Jacquelin ist fünffacher Weltmeister im Biathlon, davon zweimal in Einzelrennen. Bei den jüngsten Olympischen Winterspielen in Mailand-Cortina holte er sein erstes Olympiagold in der 4 x 7,5-Staffel, im Einzel-Verfolgungsrennen über 12,5 km gewann er Bronze. Er gehört zu den Besten seines Sports und vollzieht, ähnlich wie Florian Lipowitz von Red Bull - BORA - hansgrohe einst, den Wechsel in den Radsport.
„Diese Unterstützung konzentriert sich vor allem auf das Training, einschließlich der Betreuung durch einen Coach und eine Ernährungsberaterin, die Bereitstellung von Material sowie ein Höhentrainingslager in Arc 1950 mit NewGen. Wir planen im späten Frühjahr einen Evaluationszyklus, um sein Profil besser einzuschätzen: Seine Explosivkraft aus dem Biathlon könnte ihn sehr wohl zu einem hervorragenden Straßensprinter machen. Wir setzen auf großes athletisches Potenzial und eine hohe VO2max, die sich bereits auf Skiern bewährt hat und nun auf dem Rad zur Geltung kommen dürfte.“
Jacquelin ist nicht der erste Profi, der einen so steilen Kurswechsel einschlägt, doch mit 30 Jahren ist er ungewöhnlich. Er folgt einem ähnlichen Pfad wie der frühere MotoGP-Pilot Aleix Espargaró, der 2025 für Lidl-Trek Rennen fuhr.
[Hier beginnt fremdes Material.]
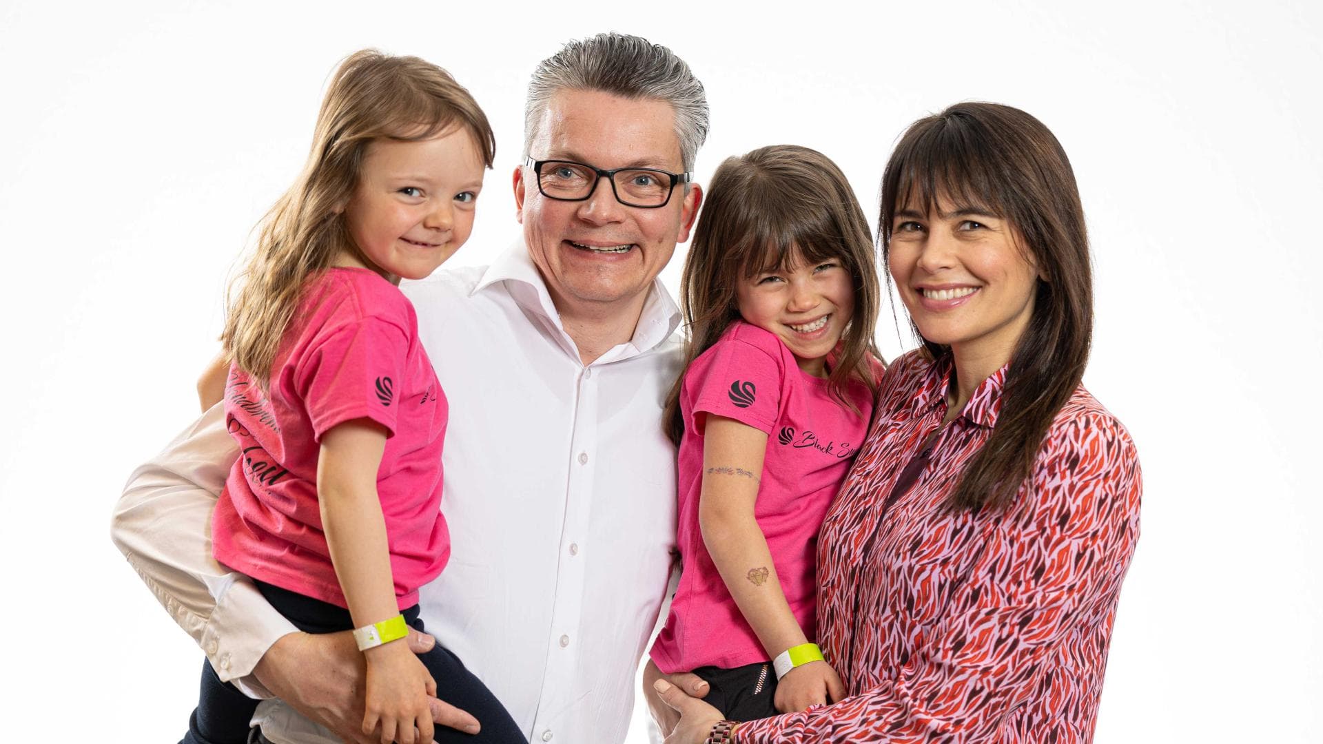 Juliane (35) mit Aileen (8), Aimée (12), Linda (11, v. l.) und Silvio (37) mit Lilith (5), Bremervörde (Niedersachsen)

„Es ist ein bisschen ein verrücktes Projekt. Es ist eine Idee, ein Traum, den ich seit vielen Jahren habe, und Biathlon-Fans kennen ihn schon lange […] Es ist eine Chance, mich selbst herauszufordern, mir in einer anderen Sportart zu beweisen, dass ich Leistung bringen kann, und es geht auch darum, einen meiner Kindheitsträume zu erfüllen“, sagte Jacquelin in einem Interview mit RMC Sport.
Biathlon gibt er nicht grundsätzlich auf, sondern testet sein Potenzial als Radprofi – vorerst im Entwicklungsprojekt des Teams, wo er überwiegend gegen U23-Fahrer antreten wird. „Nach den Olympischen Spielen in Mailand-Cortina hatten wir das Gefühl, dass nun der beste Zeitpunkt ist, diese Herausforderung gemeinsam anzugehen.“ Kurz darauf wurde der Vertrag unterschrieben.
„Ich sehe das in erster Linie als neue Herausforderung. Ich glaube nicht, dass meine Geschichte mit dem Biathlon vorbei ist. Die Spiele 2030 sind, wie ich schon sagte und weiterhin glaube, ein Ziel. Es geht darum, in Frankreich vor heimischem Publikum Olympiasieger zu werden. Aber ich weiß auch, dass ich in gewissen Aspekten im Biathlon an meine Grenzen gestoßen bin, und diese Herausforderung begeistert mich. Sie motiviert mich, mich jeden Tag zu pushen, und ich glaube, das brauche ich jetzt in meiner sportlichen Laufbahn und als Mensch.“

Ein Klassikerspezialist im Aufbau?

Als Biathlet spielt das Gewicht eine untergeordnete Rolle, entsprechend steigt er als kräftiger Fahrer, viel davon Muskelmasse, in den Radsport ein. „Ich bin 1,86 m groß und wiege heute 80 kg, 79 kg am Ende der Saison […] Ich habe das noch nicht unbedingt mit der Ernährungsberaterin oder dem Team besprochen, aber ich denke, fünf Kilo weniger würden nicht schaden“.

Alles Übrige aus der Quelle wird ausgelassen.